### Action item
Take each line from the material below that includes the string "Kabalikat" and copy it.

### Provided records
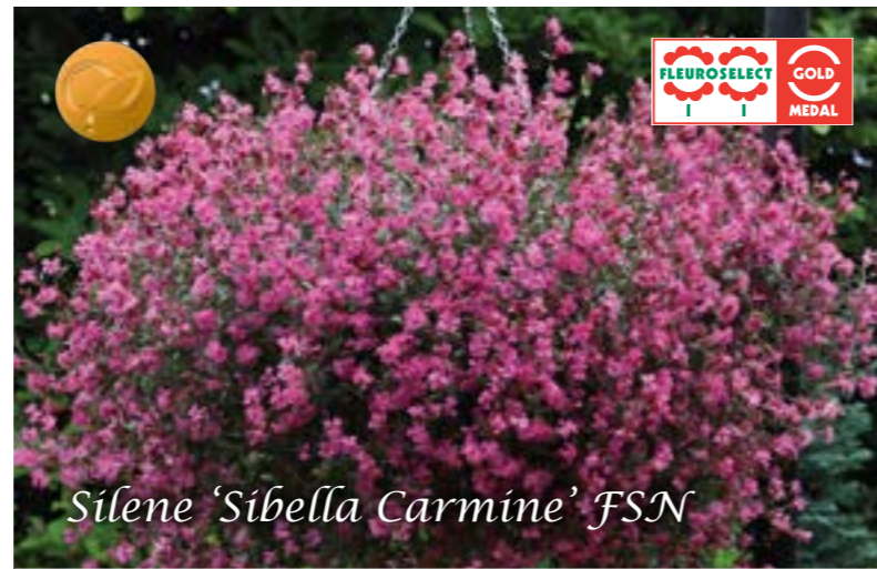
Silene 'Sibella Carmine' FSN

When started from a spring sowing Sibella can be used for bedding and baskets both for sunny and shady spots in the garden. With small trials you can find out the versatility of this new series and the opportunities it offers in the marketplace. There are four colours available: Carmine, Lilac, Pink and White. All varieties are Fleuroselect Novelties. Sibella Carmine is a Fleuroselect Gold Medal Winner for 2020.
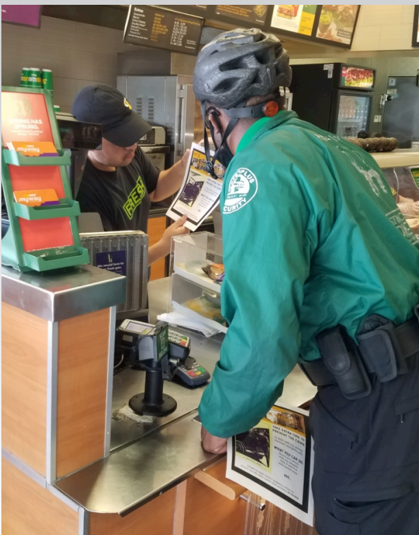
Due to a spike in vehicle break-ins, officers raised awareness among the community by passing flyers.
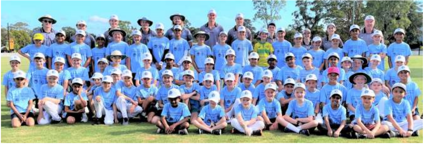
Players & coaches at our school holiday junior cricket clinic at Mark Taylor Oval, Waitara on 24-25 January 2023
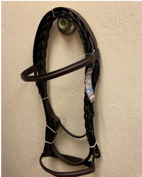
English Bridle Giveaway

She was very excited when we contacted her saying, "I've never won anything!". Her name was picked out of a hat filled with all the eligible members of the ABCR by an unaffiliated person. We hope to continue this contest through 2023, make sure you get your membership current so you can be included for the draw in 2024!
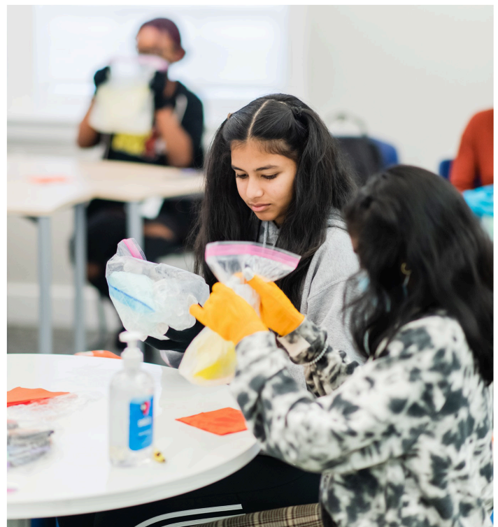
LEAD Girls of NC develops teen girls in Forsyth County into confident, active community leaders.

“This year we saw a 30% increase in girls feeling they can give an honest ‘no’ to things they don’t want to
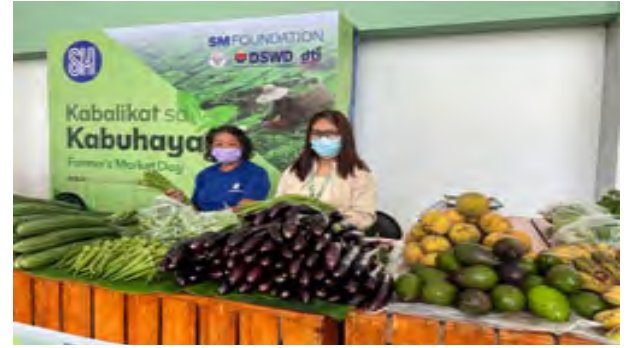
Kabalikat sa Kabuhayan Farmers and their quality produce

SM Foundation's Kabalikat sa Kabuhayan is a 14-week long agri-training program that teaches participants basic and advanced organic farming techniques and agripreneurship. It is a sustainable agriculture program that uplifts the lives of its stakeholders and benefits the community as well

### Task result
Kabalikat sa Kabuhayan Farmers and their quality produce
SM Foundation's Kabalikat sa Kabuhayan is a 14-week long agri-training program that teaches participants basic and advanced organic farming techniques and agripreneurship. It is a sustainable agriculture program that uplifts the lives of its stakeholders and benefits the community as well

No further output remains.